## Raw data:
# # # # #

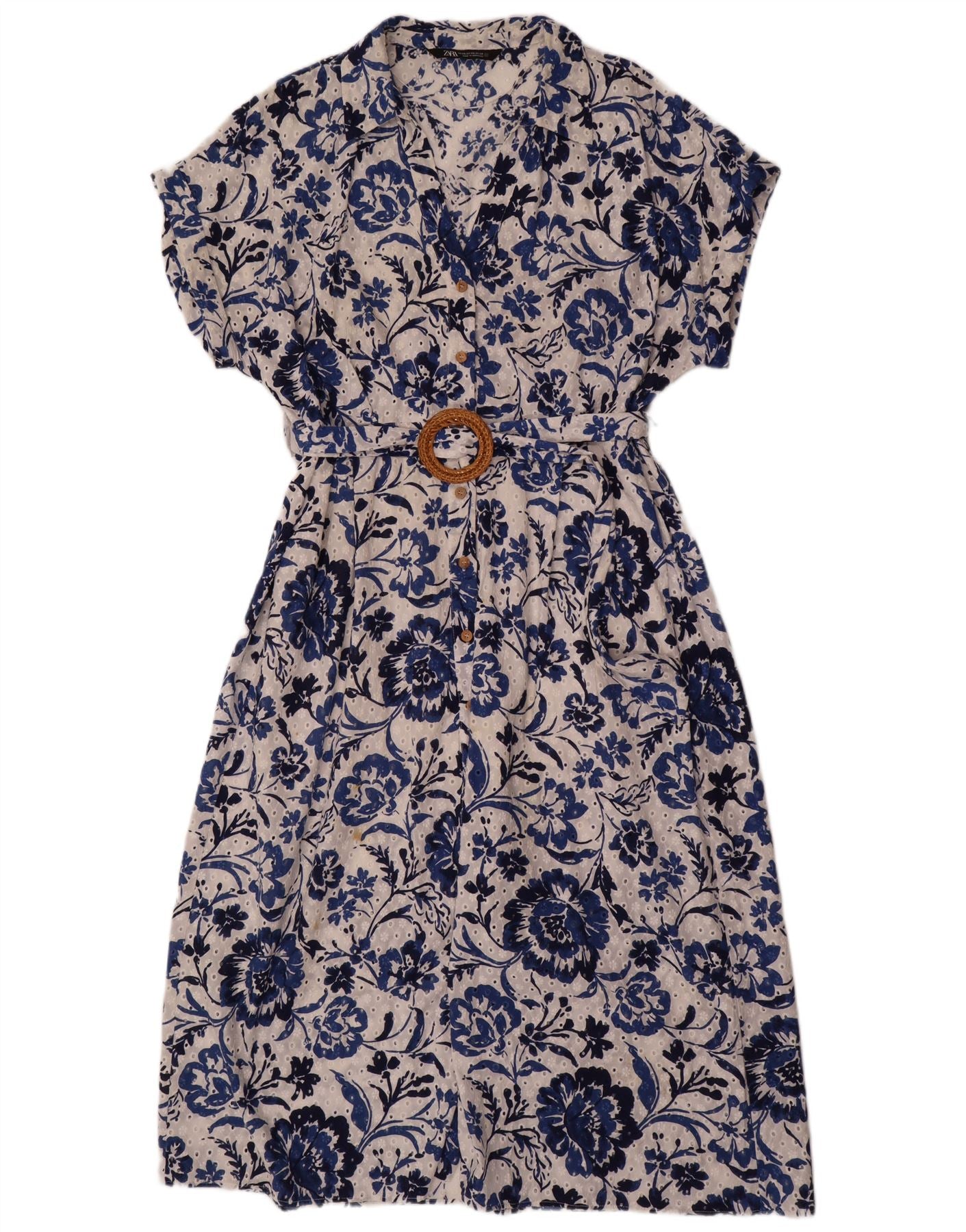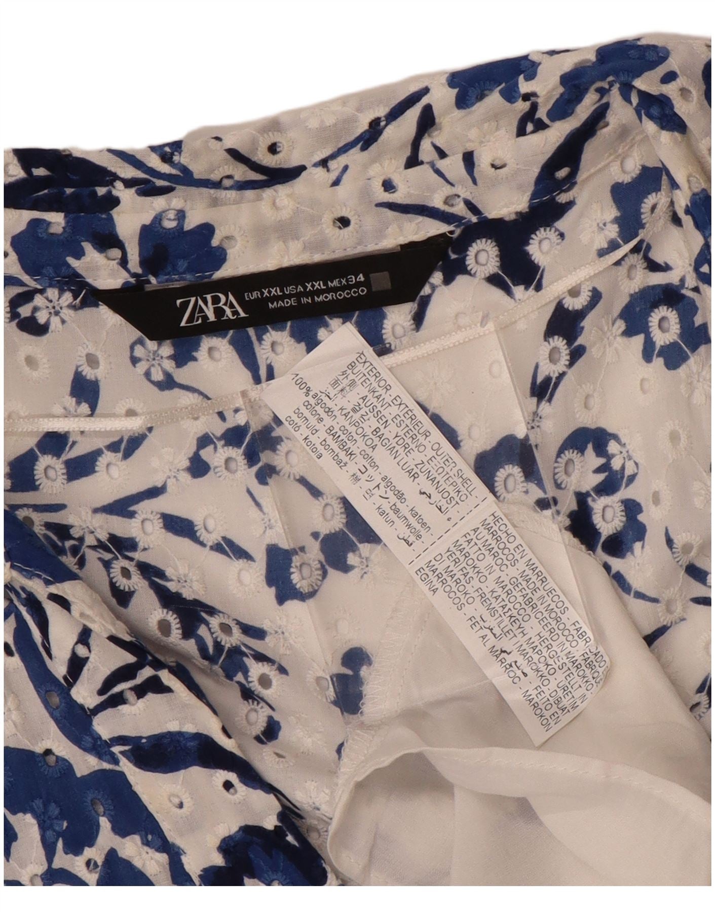 Abito lungo da donna a maniche corte ZARA UK 20 2XL cotone floreale blu
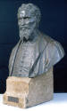 Este busto en bronce no sostiene por sí mismo, necesita de un pedestal para permanever vertical. El rosto de Miguel Ángel está rodeado por una cabellera ondulada y una tupida barba esconde su boca. Su gesto adusto se acentúa al juntarse el ceño, lo que realta las cejas: la nariz es priminenbte. Porta un traje con una prenda abotonada casi por completo, ya que el escultor ha dejado un botón a medio abrochar: Sobre la sayuela lleva un holgado paletó de amplias mangas. En cuento a la factura: se percibe perfectamente la unión entre las dos mitades que forman el conjunto y que no fue pulida una vez sacadop el molde: en la cabellera sobresalen también residuos de bronce no limados.
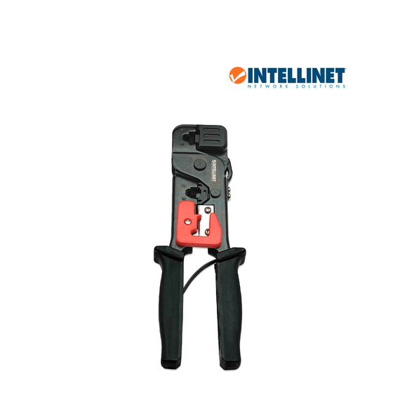 INTELLINET 210836 - PINZA P/CRIMPEAR RJ11-6P4C, 6P2C/RJ11 RJ12-6P6C RJ45-8P8C, 8P6C, 8P4C, 8P2C/ Corta y quita el forro del cable / Fabricada en Acero al carbón / Mango Antiderrapante / 210836

# # # # #

## Your instructions:
Transcribe all lines above exactly, skipping pictures.

## Your response:
 Abito lungo da donna a maniche corte ZARA UK 20 2XL cotone floreale blu
 Este busto en bronce no sostiene por sí mismo, necesita de un pedestal para permanever vertical. El rosto de Miguel Ángel está rodeado por una cabellera ondulada y una tupida barba esconde su boca. Su gesto adusto se acentúa al juntarse el ceño, lo que realta las cejas: la nariz es priminenbte. Porta un traje con una prenda abotonada casi por completo, ya que el escultor ha dejado un botón a medio abrochar: Sobre la sayuela lleva un holgado paletó de amplias mangas. En cuento a la factura: se percibe perfectamente la unión entre las dos mitades que forman el conjunto y que no fue pulida una vez sacadop el molde: en la cabellera sobresalen también residuos de bronce no limados.
 INTELLINET 210836 - PINZA P/CRIMPEAR RJ11-6P4C, 6P2C/RJ11 RJ12-6P6C RJ45-8P8C, 8P6C, 8P4C, 8P2C/ Corta y quita el forro del cable / Fabricada en Acero al carbón / Mango Antiderrapante / 210836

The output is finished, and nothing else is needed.